The eighth day of the mass action seemed mainly peaceful, with police spokespeople from all provinces, except for the Northern Cape, reporting no incidents of violence and intimidation.

In Kimberley, however, a high school had to be evacuated after non-striking teachers were intimidated.

"A group of strikers went into the school and intimidated the teachers... the school was evacuated and no-one was injured," said Captain Cherelle Ehlers.

Exams postponed

Two provincial education departments announced the postponement of preliminary matric exams, which were due to have started early in September.

"Firstly, the current strike conditions make it difficult to continue with the exams immediately, and secondly, once the public sector strike ends, it will be necessary to catch up on teaching time," said Gauteng education spokesperson Charles Phahlane.

The Eastern Cape education department said it had made a similar decision, adding that more information would be made available later.

The national government said it was still mulling over its response to an ultimatum announced by the Congress of SA Trade Unions (Cosatu) on Tuesday evening.

Cosatu warned that if the government did not improve on its seven percent offer (excluding a 1.5% pay progression agreement), all its members would launch a secondary strike next Thursday.

The SA Municipal Workers' Union (Samwu) said its 52 000 members in Gauteng would down tools in solidarity with the 1.3 million public servants on Friday.

"Samwu's membership in other provinces are in the process of discussing pledging solidarity," said spokesperson Tahir Sema.

Public service sector unions continued to receive statements of support on Wednesday.

The Conference of the Democratic Left said public sector workers "had a right to be angry". The Workers International Vanguard League "saluted the heroic spirit of the public sector strikers".

Violence and intimidation

Criticism against the government continued.

"Government has been caught napping and does not know how to deal with the fact that its own employees are unhappy with the shoddy handling of their wage negotiations and the hostile treatment they have received," the National Education Health and Allied Workers' Union said:

Political parties condemned the violence and intimidation, and the disruption schooling and health services.

Soldiers have been deployed to help out in 42 hospitals countrywide where several patients have died because of a lack of proper care.

The ANC in Gauteng "strongly condemned... the acts of vandalism, trashing and intimidation" by striking workers.

"We call on the leadership of unions to take full responsibility and stop all illegal and objectionable actions."

Freedom Front Plus leader Pieter Mulder said the cost of the wage dispute had been too high.

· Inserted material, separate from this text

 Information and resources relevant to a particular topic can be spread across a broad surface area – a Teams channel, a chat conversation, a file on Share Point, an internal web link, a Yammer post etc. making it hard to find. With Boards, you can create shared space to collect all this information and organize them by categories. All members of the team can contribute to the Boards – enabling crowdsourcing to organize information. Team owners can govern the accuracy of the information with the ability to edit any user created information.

"No salary dispute justifies the death of people and the destruction of young matriculants' careers.

"The death of defenceless ill people and innocent babies as a result of the public service strike is the worst form of selfishness."

'Hidden agenda'

Mulder criticised the "radicalism" of Cosatu's leadership.

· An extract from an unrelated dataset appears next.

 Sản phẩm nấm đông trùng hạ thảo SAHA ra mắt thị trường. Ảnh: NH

"It is appearing more and more that there may be a hidden agenda behind the strike.

"Cosatu leaders have already expressed their frustrations with President [Jacob] Zuma because he is not following their policy directions," said Mulder.

Cosatu has threatened that its secondary strike will shut down the economy.

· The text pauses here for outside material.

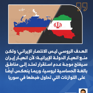 في الواقع، ولكي أكون صريحًا حسب فهمي طبعًا، الهدف الروسي ليس الانتصار الإيراني؛ ولكن منع انهيار الدولة الإيرانية؛ لأن انهيار إيران سيفتح موجة عدم استقرار تمتد إلى مناطق بالغة الحساسية لروسيا، وأقصد في المقام الأول القوقاز وآسيا الوسطى، وربما ينعكس أيضًا على التوازنات التي تحاول ضبطها في سوريا للحفاظ على وجودها العسكري بها.

"We call on all workers to intensify their action," it said.

"Every Cosatu-affiliated union must on August 26 submit [a seven-day] notice to their employers to embark on a secondary strike," Cosatu general secretary Zwelinzima Vavi said in Johannesburg on Tuesday.

Until Monday, the had government said it was offering a seven percent increase.

However, Maseko then said the offer was in "real terms" actually 8.5%, a mere tenth of a percent short of what unions wanted.

This was because the increase offer was bolstered by a 1.5% pay progression.

However, unions said the pay progression was part of an old agreement on performance appraisals signed in 2003.

Unions are demanding an 8.6% increase and R1 000 monthly housing allowance, and have rejected the government's offer of seven percent and a R700 allowance.